Con un teléfono celular y desde la aplicación videocámara, hoy en día cualquier persona graba una situación, la sube a la web y desde allí en forma inmediata todo el mundo tiene posibilidad de ver la escena. Pero en 1951 solamente un país del continente tenía televisión y era Estados Unidos. Hasta que el 17 de octubre de ese mismo año con la imagen de Evita en el balcón de la Casa Rosada, la Argentina se sumó al por entonces reducido mundo de la tecnología dando paso a una fascinante historia que en pocos días cumplirá 65 años.

Anecdóticamente, según testimonios del prestigioso actor Rafael “Pato” Carret, nuestra TV habría empezado a dar señales de vida en 1944 con trabajos experimentales que promovía el empresario Martín Tow desde la confitería de la tienda Harrod`s, en la calle Florida. De todas maneras, la primera transmisión oficial se cristalizó el “Día de la Lealtad” cuando el peronismo celebró con una gigantesca movilización el sexto aniversario de su nacimiento.

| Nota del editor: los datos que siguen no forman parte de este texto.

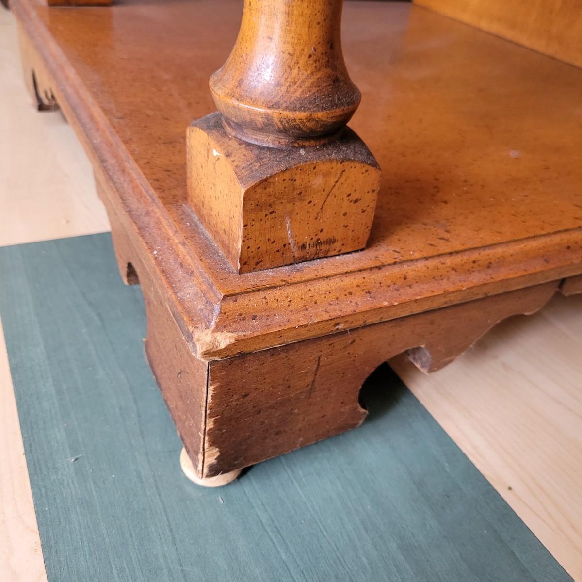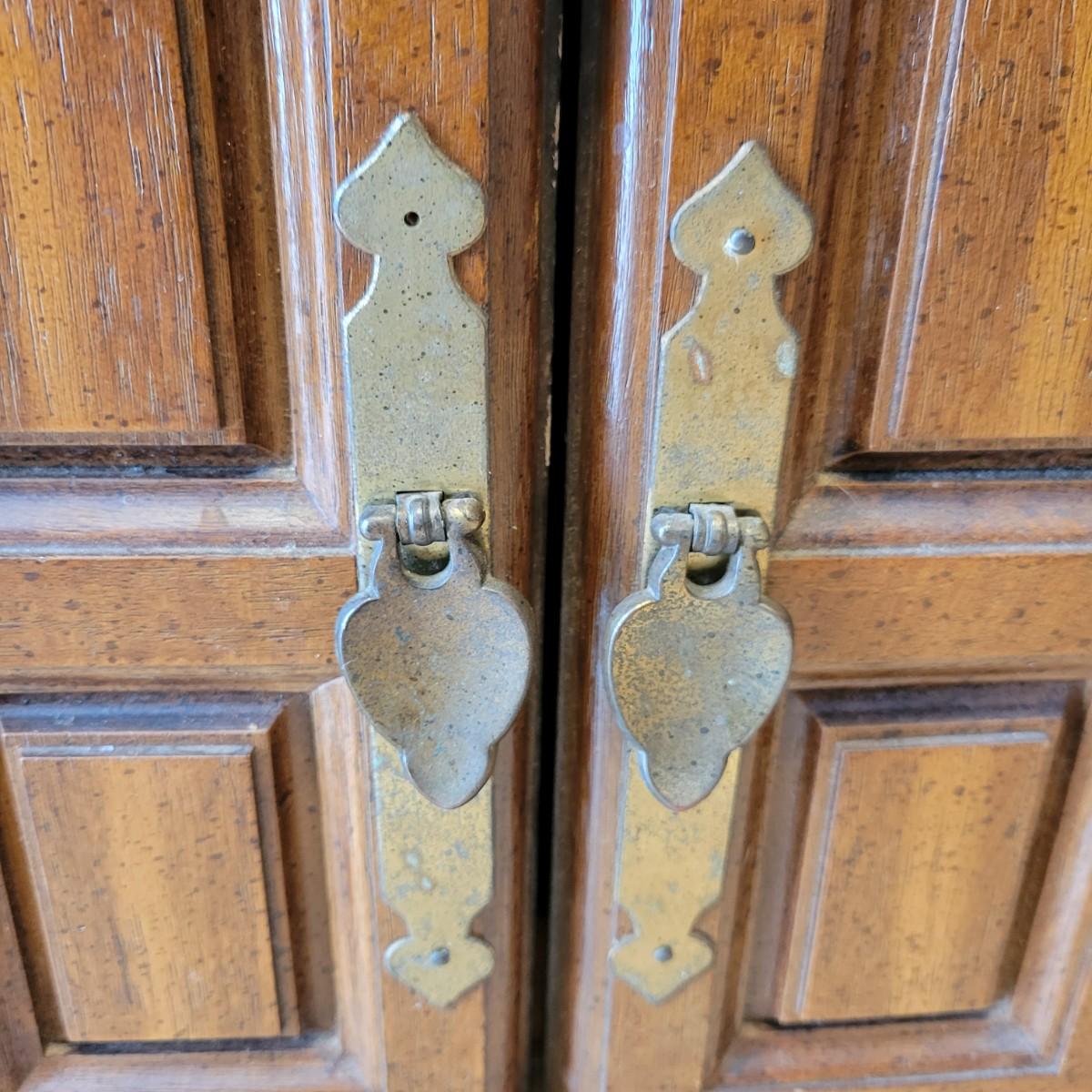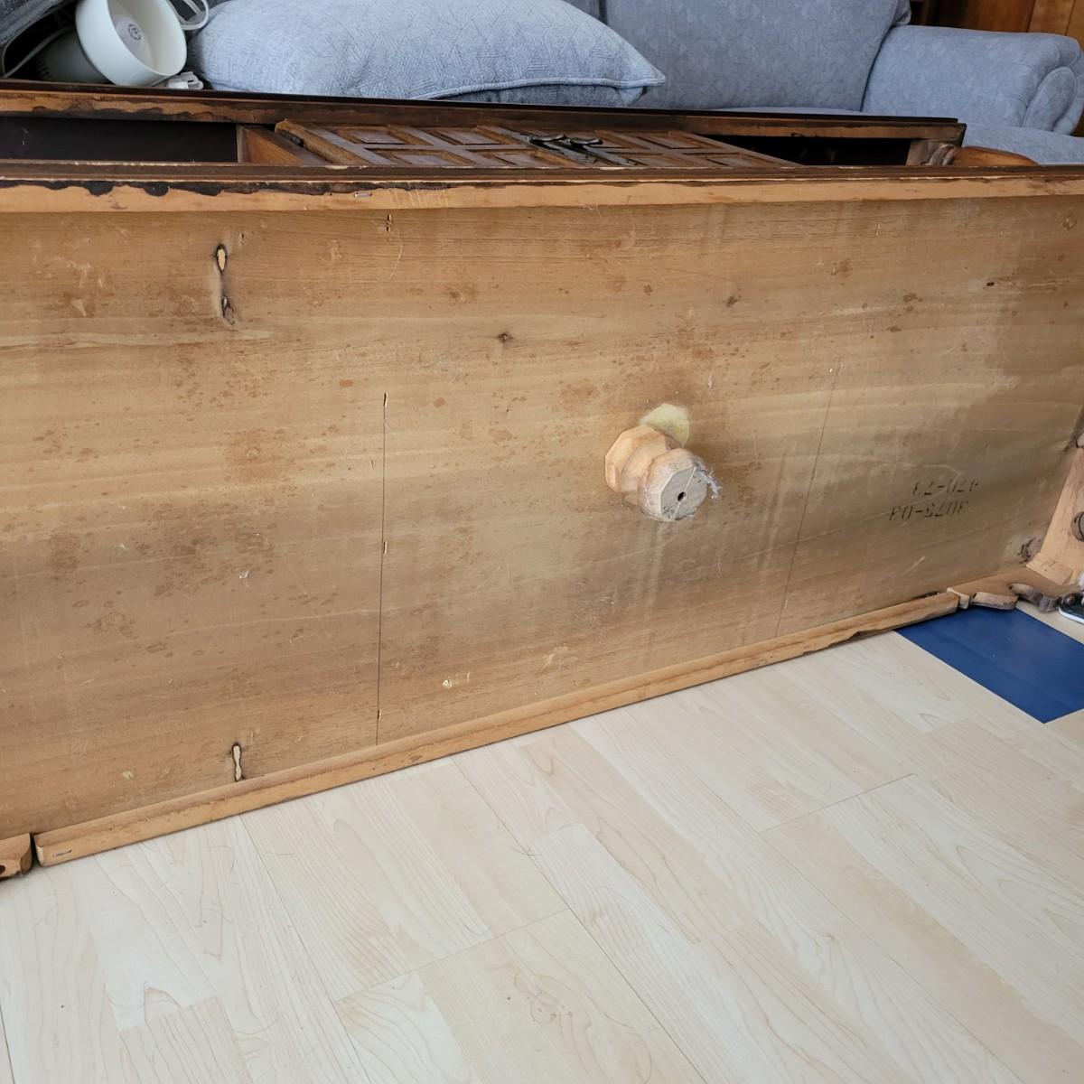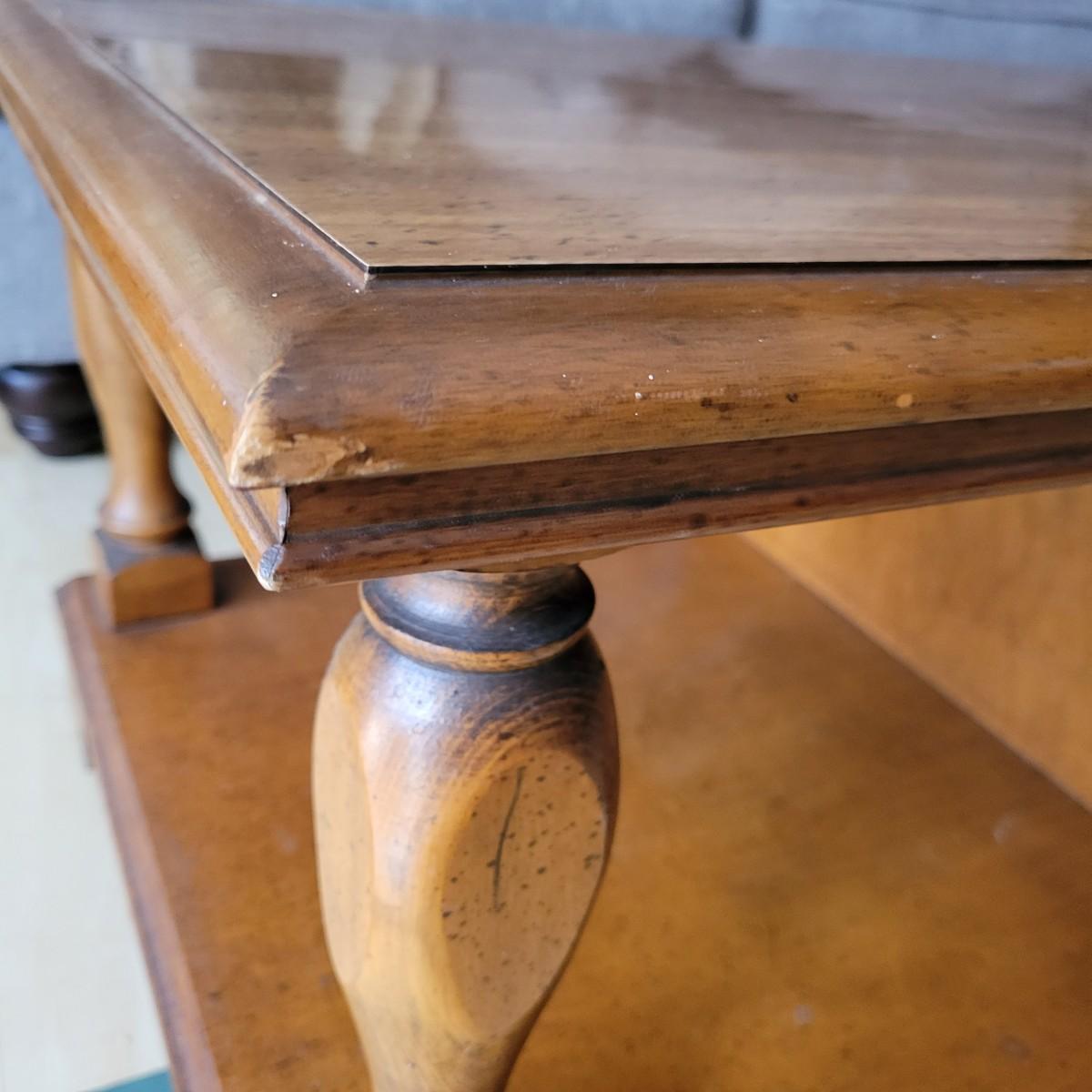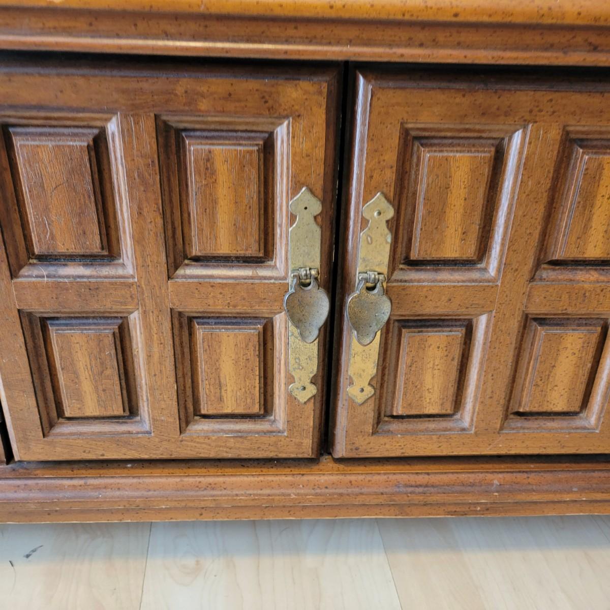 A wooden coffee table in good condition. This solid wood coffee table is open on the ends, has two doors that open to a cabinet, and has brass hardware. It has some blemishes. Measures approximately 56" x 21" x 17". Local pickup only. Winning bidder must bring assistance to help move and load this item due to its weight and/or size.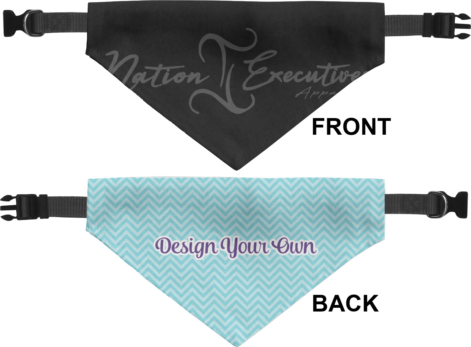 We print the front and back of these dog bandanas with your customized design. The bandana itself is made from a durable polyester, sewn together with a gap large enough to accommodate any collar. Regardless, the bandana includes a plain black, canvas collar with plastic snaps, that can easily be removed if desired. These dog bandana collars are available in four sizes: small, medium, large, and extra large. Please see our sizing chart for more information regarding the dimensions of each size.

La gente fue reuniéndose desde media mañana, pero el acto comenzó aproximadamente a las 5 de la tarde de un miércoles destemplado y lluvioso. Luego del discurso de José Espejo en su condición de Secretario General de la CGT, tomó la palabra el Presidente de la Nación Juan Domingo Perón. En tanto, Evita, ya desgarrada por la enfermedad que le quitaría la vida ocho meses después, permaneció sentada y ni siquiera se puso de pié cuando representantes del gobierno y de la central obrera la condecoraron con el laurel y la medalla justicialistas.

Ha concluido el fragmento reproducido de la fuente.